Bailey v. R. E. Heidt Construction Co.

205 So. 2d 503, 1967 La. App. LEXIS 4887
CourtLouisiana Court of Appeal
DecidedDecember 29, 1967
DocketNo. 2204
StatusPublished
Cited by3 cases

This text of 205 So. 2d 503 (Bailey v. R. E. Heidt Construction Co.) is published on Counsel Stack Legal Research, covering Louisiana Court of Appeal primary law. Counsel Stack provides free access to over 12 million legal documents including statutes, case law, regulations, and constitutions.

Bluebook
Bailey v. R. E. Heidt Construction Co., 205 So. 2d 503, 1967 La. App. LEXIS 4887 (La. Ct. App. 1967).

Opinion

SAVOY, Judge.

This suit was brought by plaintiff against R. E. Heidt Construction Co., Inc. and National Surety Company, principal and surety, respectively, to recover from said defendants the price of shell used in connection with a road construction contract which Heidt had with the Parish of Cameron, Louisiana, under State Project #713-16-12 in Cameron Parish, Louisiana.

Plaintiff alleges in his petition that in October of 1964, he furnished to Heidt reef and clam shell at its request for a specified price; that said shell was used on the above-mentioned project; that upon Heidt’s failure to pay for the materials, he filed a lien under the Public Works Act, LSA-R.S. 38:2241 et seq.

Defendants filed a motion for summary judgment and then filed an answer which was a general denial.

The Court Minutes do not indicate that the motion for summary judgment was passed on by the lower court.

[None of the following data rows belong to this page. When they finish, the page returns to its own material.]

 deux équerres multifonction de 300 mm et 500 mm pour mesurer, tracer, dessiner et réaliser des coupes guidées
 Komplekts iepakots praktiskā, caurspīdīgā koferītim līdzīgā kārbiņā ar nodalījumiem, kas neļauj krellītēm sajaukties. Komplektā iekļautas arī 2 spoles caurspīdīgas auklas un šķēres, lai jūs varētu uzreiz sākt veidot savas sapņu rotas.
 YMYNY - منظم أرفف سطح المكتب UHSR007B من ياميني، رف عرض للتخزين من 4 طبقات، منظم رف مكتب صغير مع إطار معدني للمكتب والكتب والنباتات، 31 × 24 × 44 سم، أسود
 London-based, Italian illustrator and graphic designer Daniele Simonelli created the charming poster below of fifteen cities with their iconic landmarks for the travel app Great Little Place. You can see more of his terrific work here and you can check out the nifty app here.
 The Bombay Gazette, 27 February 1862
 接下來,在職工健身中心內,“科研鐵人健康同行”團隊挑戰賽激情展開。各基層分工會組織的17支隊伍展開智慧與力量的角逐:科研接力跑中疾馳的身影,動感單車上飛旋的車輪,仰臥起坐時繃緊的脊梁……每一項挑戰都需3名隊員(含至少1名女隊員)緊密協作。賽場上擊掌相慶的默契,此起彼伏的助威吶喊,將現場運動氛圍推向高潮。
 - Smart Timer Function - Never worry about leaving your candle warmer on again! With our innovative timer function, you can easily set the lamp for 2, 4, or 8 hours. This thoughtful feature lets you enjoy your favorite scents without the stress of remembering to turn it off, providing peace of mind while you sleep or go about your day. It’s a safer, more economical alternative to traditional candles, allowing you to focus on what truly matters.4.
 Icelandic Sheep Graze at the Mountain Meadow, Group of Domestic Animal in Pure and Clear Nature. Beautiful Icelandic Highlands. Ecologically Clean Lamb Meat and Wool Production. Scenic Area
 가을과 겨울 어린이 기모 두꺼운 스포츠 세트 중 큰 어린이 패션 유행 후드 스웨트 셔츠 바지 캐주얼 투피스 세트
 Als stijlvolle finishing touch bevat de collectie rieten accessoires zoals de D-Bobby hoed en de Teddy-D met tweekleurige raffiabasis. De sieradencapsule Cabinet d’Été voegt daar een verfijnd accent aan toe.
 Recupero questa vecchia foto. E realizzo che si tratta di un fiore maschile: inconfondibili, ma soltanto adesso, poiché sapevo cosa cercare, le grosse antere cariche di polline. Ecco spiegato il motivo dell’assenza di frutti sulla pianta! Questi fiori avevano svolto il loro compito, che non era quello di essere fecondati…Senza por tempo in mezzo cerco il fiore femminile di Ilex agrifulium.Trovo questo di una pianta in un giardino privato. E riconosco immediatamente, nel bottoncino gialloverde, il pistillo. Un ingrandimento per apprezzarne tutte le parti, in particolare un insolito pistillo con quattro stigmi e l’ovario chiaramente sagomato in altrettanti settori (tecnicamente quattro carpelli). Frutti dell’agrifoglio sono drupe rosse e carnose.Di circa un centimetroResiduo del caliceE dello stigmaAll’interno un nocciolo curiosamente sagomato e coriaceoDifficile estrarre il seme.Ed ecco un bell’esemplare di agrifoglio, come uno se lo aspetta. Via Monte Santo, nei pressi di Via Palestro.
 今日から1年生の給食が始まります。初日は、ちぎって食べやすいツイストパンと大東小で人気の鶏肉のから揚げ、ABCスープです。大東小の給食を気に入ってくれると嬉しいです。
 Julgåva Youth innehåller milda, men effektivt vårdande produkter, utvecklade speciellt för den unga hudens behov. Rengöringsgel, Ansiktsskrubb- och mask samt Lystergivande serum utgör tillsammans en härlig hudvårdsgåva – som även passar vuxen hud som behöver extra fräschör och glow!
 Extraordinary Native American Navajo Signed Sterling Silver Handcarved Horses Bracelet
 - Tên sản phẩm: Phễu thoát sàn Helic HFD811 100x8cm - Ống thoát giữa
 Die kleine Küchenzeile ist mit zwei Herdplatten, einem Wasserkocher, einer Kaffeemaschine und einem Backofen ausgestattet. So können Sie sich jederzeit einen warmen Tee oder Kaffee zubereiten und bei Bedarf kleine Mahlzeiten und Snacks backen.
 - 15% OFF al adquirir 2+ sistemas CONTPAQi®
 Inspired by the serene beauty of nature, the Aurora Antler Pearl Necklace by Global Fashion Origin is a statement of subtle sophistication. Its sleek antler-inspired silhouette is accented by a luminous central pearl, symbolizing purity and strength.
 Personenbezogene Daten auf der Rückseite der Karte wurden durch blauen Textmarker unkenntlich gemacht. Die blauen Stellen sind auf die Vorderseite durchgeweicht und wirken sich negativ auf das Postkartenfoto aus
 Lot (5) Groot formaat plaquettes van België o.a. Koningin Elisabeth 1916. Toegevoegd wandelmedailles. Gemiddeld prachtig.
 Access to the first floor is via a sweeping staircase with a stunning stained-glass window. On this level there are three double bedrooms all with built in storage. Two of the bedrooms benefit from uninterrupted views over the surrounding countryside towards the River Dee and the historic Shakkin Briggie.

The trial proceeded on its merits, and after completion thereof, the district judge rejected plaintiff’s demand and dismissed his suit. Plaintiff has appealed.

The record reflects that Heidt had a contract with Louisiana Towing and Dredging Company, Inc. whereby Heidt would purchase from Louisiana Towing 17,000 cubic yards of shell to be delivered by the vendor to designated places in Cameron Parish at a specified price per cubic yard. Mr. Ivan L. Harless, Jr., an official of the towing company, contacted Mr. Pete Henry, and it was agreed between the parties that the shell would be deposited on a parcel of land owned by Mr. Henry. For the use of the land the towing company agreed to pay 10‡ per cubic yard. When the towing [505]*505company started to unload the shell, it was discovered that plaintiff’s stockpile of shell on the Henry property interfered with the unloading of the shell the towing company was to deliver to Heidt. Harless went to see plaintiff and asked him to remove the shell which he owned from the Henry property. Plaintiff stated that he was not in a position to remove them at that time. Harless then proposed that .plaintiff allow his corporation to remove the shell and use it on the Heidt job, and that the shell would be replaced in kind or paid for.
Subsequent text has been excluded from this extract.